Architecture flow of AWS components

Reference architecture diagram showing components deployed by AWS Quick Start for Magento Open Source

Figure 2 – Reference architecture deployed by AWS Quick Start for Magento Open Source

  1. Amazon CloudFront is deployed as a content delivery network (CDN). CloudFront speeds up distribution of static and dynamic web content.

  2. First Elastic Load Balancing (Application Load Balancer) distributes traffic across Varnish instances in an AWS Auto Scaling group in multiple Availability Zones.

  3. Varnish deployed on Amazon EC2, Varnish Cache is a web application accelerator caching HTTP reverse proxy. Balancer distributes traffic from Varnish Cache across the AWS Auto Scaling group of Magento instances in multiple Availability Zones.

  4. Second Elastic Load Balancing (Application Load Balancer) distributes traffic from Varnish Cache across the AWS Auto Scaling group of Magento instances in multiple Availability Zones.

  5. Magento web server on Amazon EC2 instances launched in the private subnets.

  6. Amazon OpenSearch Service for Magento catalog search.

  7. An Amazon ElastiCache cluster with the Redis cache engine launched in the private subnets.

  8. Either an Amazon RDS for MySQL or an Amazon Aurora database engine deployed via Amazon RDS in the first private subnet. If you choose Multi-AZ deployment, a synchronously replicated secondary database is deployed in the second private subnet. This provides high availability and built-in automated failover from the primary database.

  9. Amazon S3 created as remote storage for web server instances to store shared media files.
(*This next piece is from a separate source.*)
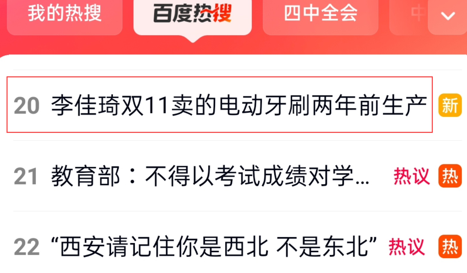 - “李佳琦雙11賣(mài)的電動(dòng)牙刷兩年前生產(chǎn)”沖上百度熱
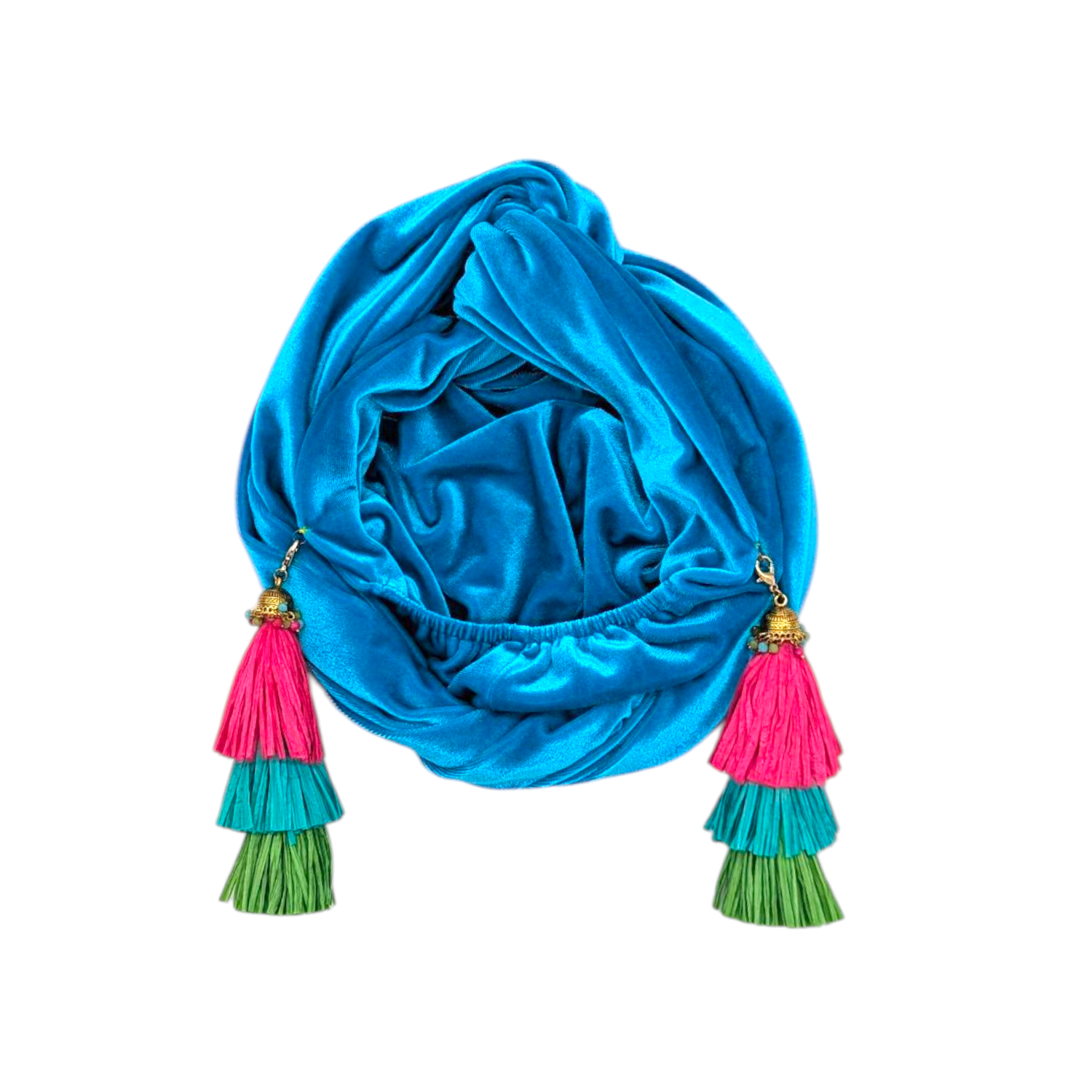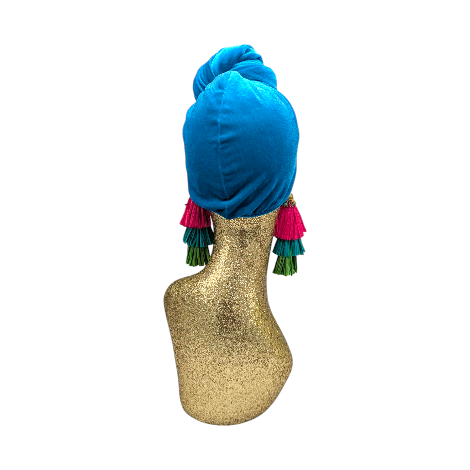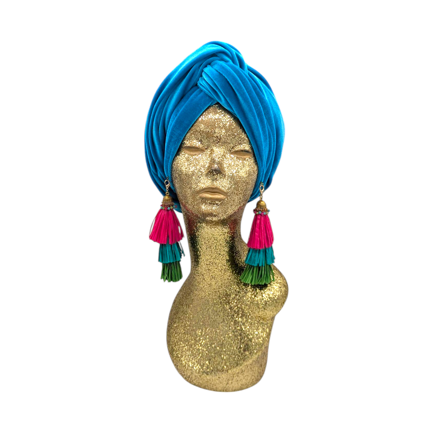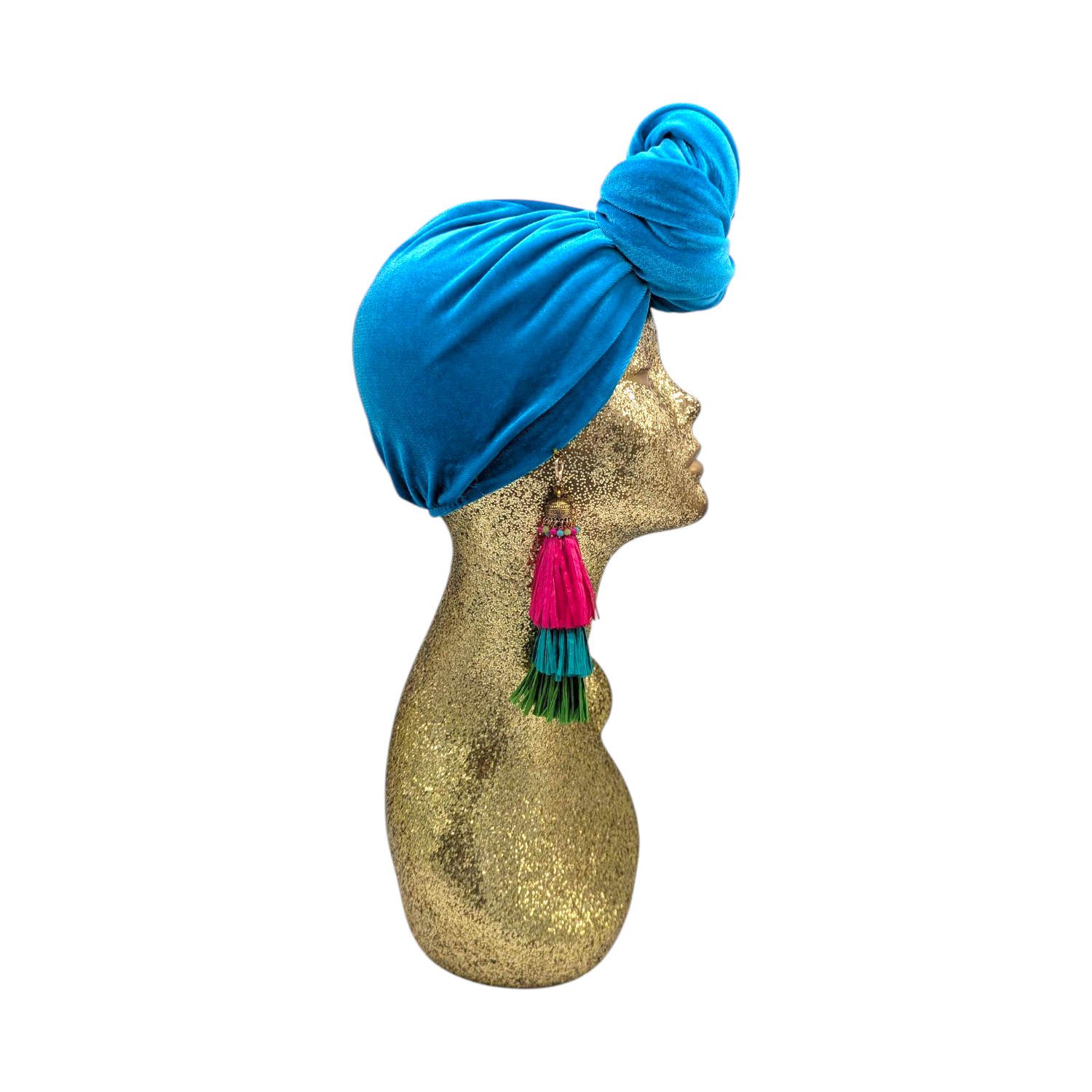 All our tassels are made by female owned company working with artisans in India . The turban is made of soft velour.

  10. Amazon MQ (optional) is a message broker that offers a reliable, highly available, scalable, and portable messaging system. The Message Queue Framework (MQF) is a system that allows a module to publish messages to queues for Magento flow. It also defines the consumers that will receive the messages asynchronously. Bulk operations are actions that are performed on a large scale. Example bulk operations tasks include importing or exporting items, changing prices on a mass scale, and assigning products to a warehouse. For each individual task of a bulk operation, the system creates a message that is published in a message queue and processed by background consumer runs.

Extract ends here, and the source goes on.